Here we see what was represented in the previous diagram. The connector instance status is RUNNING while the task status is FAILED.
But we need more details about this in order to identify what caused the failure.
You can also use curl to request the stack trace for the task and pipe the results through jq. The illustrated command requests the stack trace for the first element in the tasks array.
Next, read through the trace and look for clues. In this instance, upon reviewing, you notice that there is a Connect exception and also that a driver is missing.
In addition to the stack trace, you should read the log.

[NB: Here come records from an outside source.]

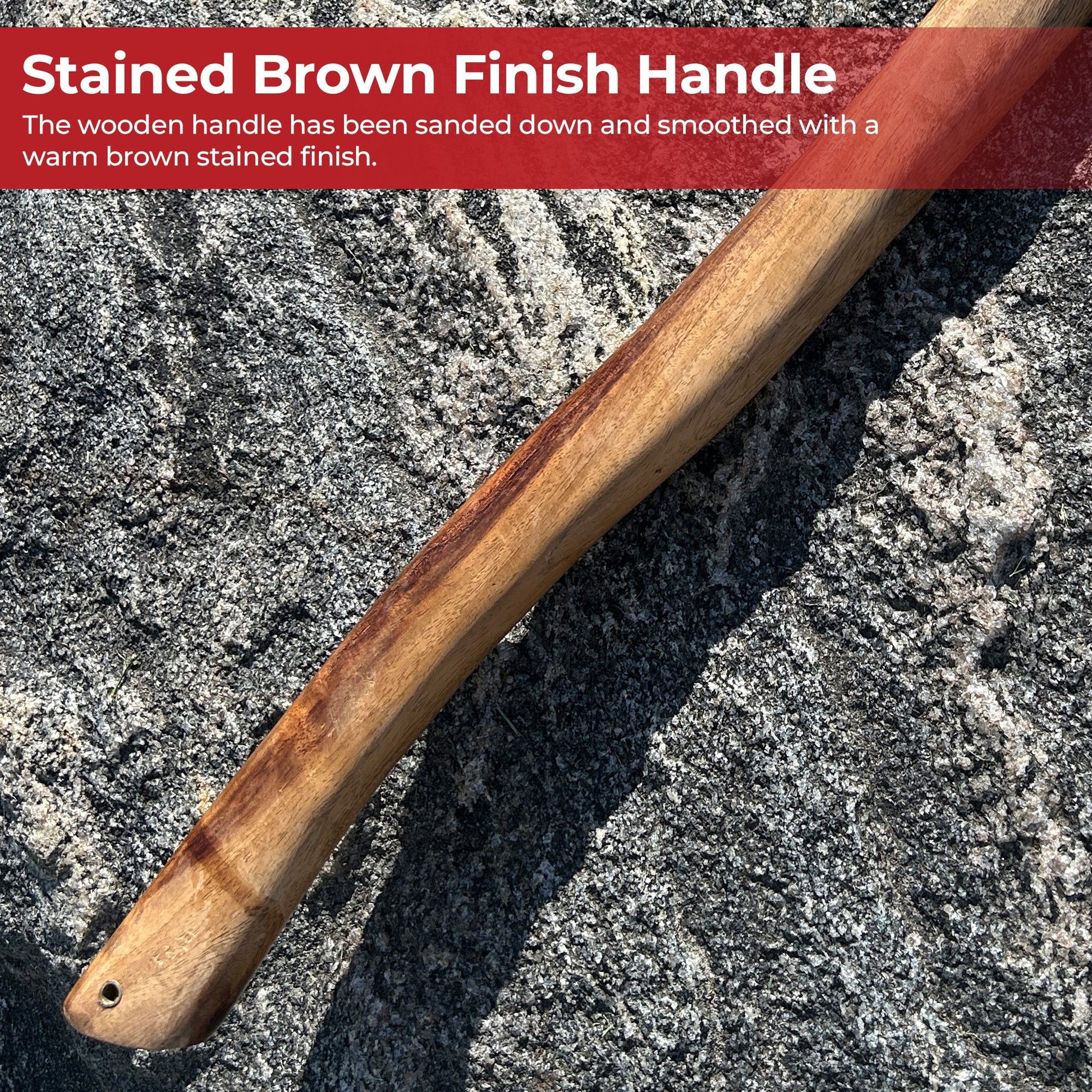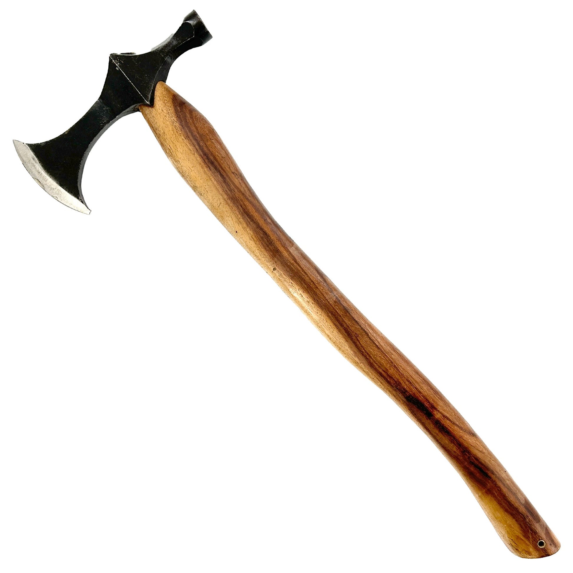 Axes were the one tool that every Viking had at their disposal because they used them so much in their everyday life. As farmers this was probably the most used weapon of the Vikings, possibly apart from the spear. As a weapon, the Viking axes were quite convenient and a very well balanced weapon. They could strike a deadly blow, both from a distance as well as further away. Over time the Viking axe evolved to meet certain needs. This Viking axe features a great bit for chopping, short enough to throw, and has a hammer. The head is constructed of forged iron steel with a rustic stone finish. The wooden handle has been sanded down and smoothed with a warm brown stained finish. The butt features a hammer which can be used to crack heads in the heat of battle or you can use it to hammer in tent stakes that is your choice. Take this blade with you while doing re-enactments or camping doesn’t matter because this fully functional axe can just about do it all.
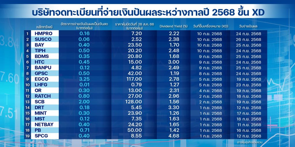 แนะสอย 19 หุ้นปันผลระหว่างกาลปี 68 ก่อนขึ้นเครื่องหมาย XD สัปดาห์หน้า (1-5 ก.ย.) ส่วน Dividend Yield คิดจากราคาปิดวันที่ 28 ส.ค. 68 ประมาณ 2-4.68%
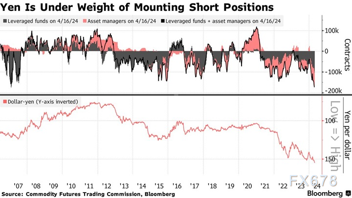 美国商品期货交易委员会(CFTC)的数据显示,截至4月16日,杠杆基金和资产管理公司押注日元走软的合约增至逾17.3万份,为CFTC自2006年追踪该数据以来的最高纪录。
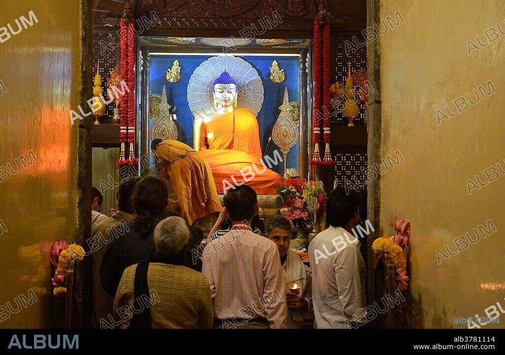 Caption: Buddhist pilgrims and visitors inside the sacred Mahabodhi Temple, with the Buddha statue next to which Siddhartha Gautama, the historic Buddha, gained awakening, Bodhi, Bodhgaya, Bihar, India, Asia
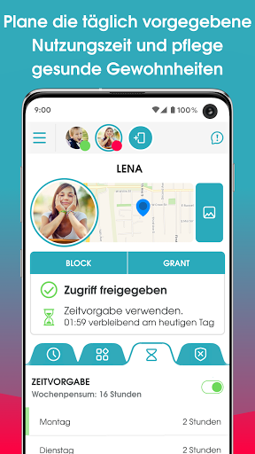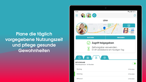 • Du kannst einmalige oder regelmäßige Zeitpläne für deine Kinder festlegen und die Nutzungszeit unterwegs verwalten.
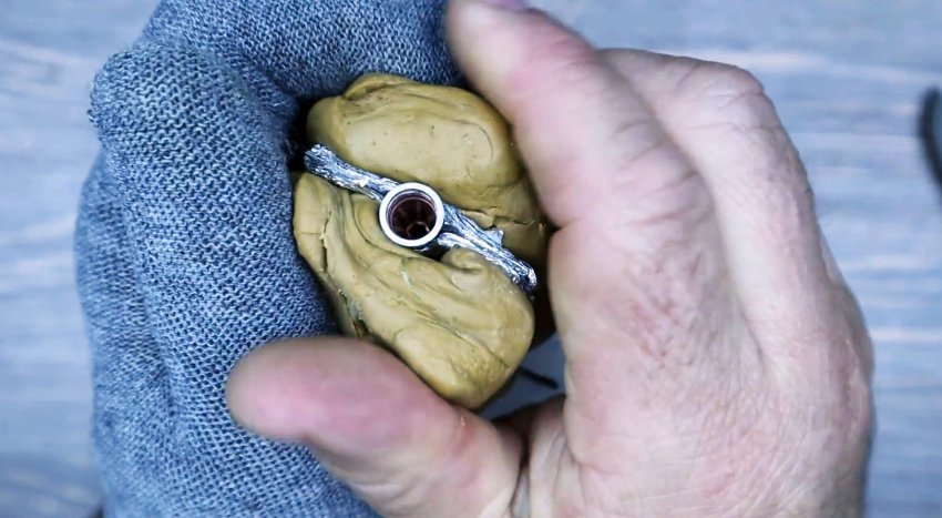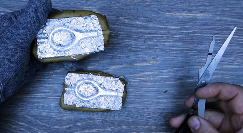 Форму из алюминиевой фольги с двух сторон обкладываем пластилином, который будет не только удерживать форму от деформации во время заливки жидкого металла, но и поглощать образовывающееся при этом значительное количество тепла.
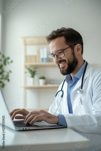 doctor, consultation, laptop, health care, smiling, professional, technology, modern, office, medicine, wellness, communication, workspace, male, interaction, patient, digital, friendly, research, healthcare professional, productivity, health, support, innovation, sharpened, equipment, contemporary, medicals, lifestyle, information, assistance, care, expertise, networking, virtual, service, connection, analysis, approach, system, strategy, teamwork, efficiency
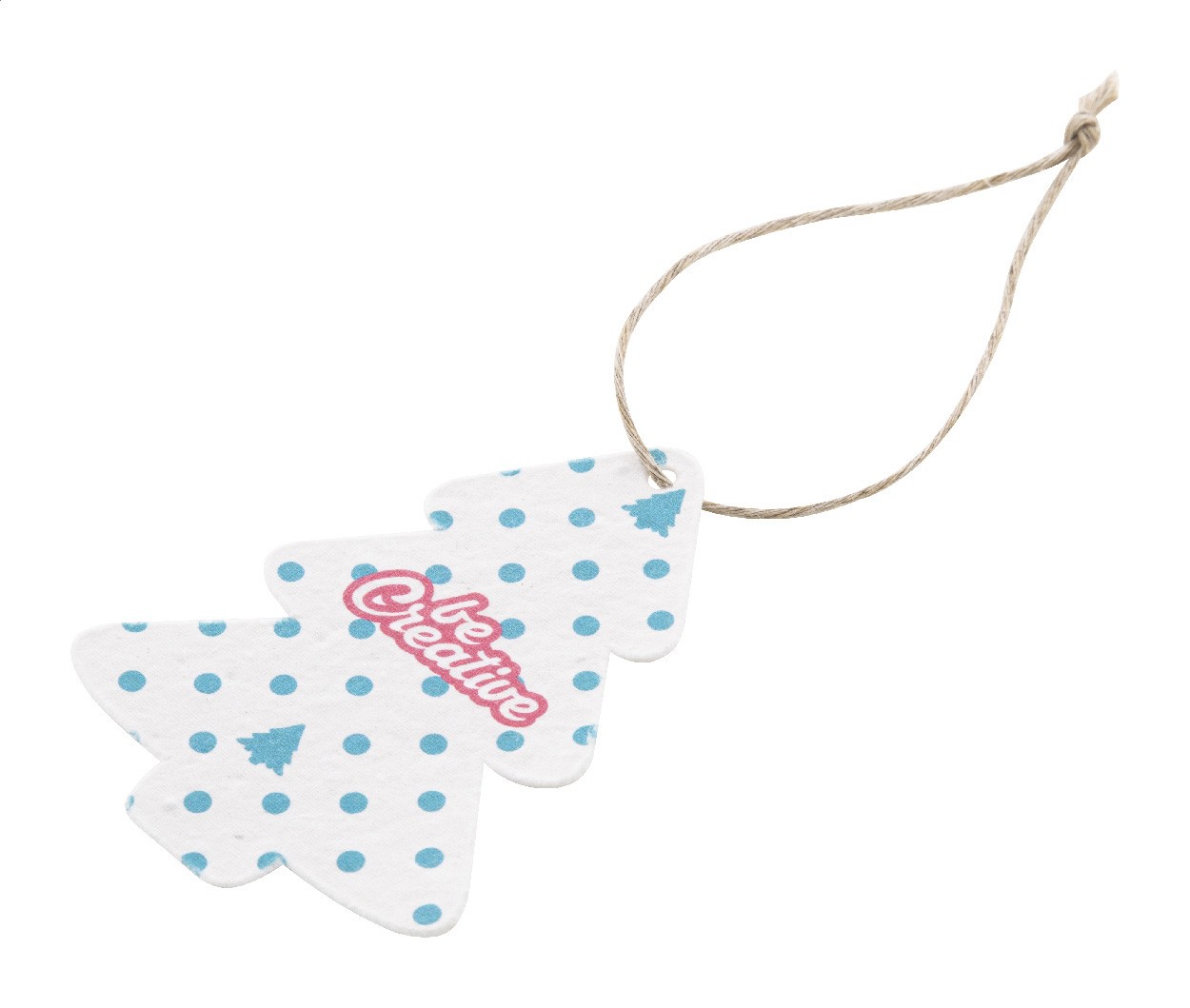 Ornament de Crăciun pentru brad, realizat la comandă, imprimat color, din hârtie cu semințe și sfoară de in. Prețul include imprimarea digitală pe o parte. Cu semințe asortate de flori sălbatice. MOQ: 100 buc.

There are different ways to access the log, depending on how you are running Connect:
Connector contexts were added to logging in Apache Kafka 2.3 with KIP-449, and they make the diagnostic process a lot easier.
“Task is being killed and will not recover until manually restarted”
This is a general error, a symptom of the problem rather than the cause, and it doesn’t reveal any information about the underlying problem. When you see this, this is a sign that you need to search further in the stack trace or the connect worker log for your problem. For example, you can see this error in the connect worker log, and it’s a sign that you should look further in the log to the exceptions in order to identify your problem.
At this point, you are only at the beginning of troubleshooting the problem but at least you know where to look. With a bit of research, you would find the documentation for the JDBC connector indicates the MySQL JDBC driver needs to be installed on the connect worker machine when a MySQL database is part of the pipeline.
If your research doesn’t bear fruit, you might consider posting your problem to the Confluent Community Forum, but just keep in mind that a useful post will elaborate upon the “Task is being killed” error alone.
Dynamic log configuration arrived in Apache Kafka 2.4. It means you can change the level of logging detail without having to restart the worker.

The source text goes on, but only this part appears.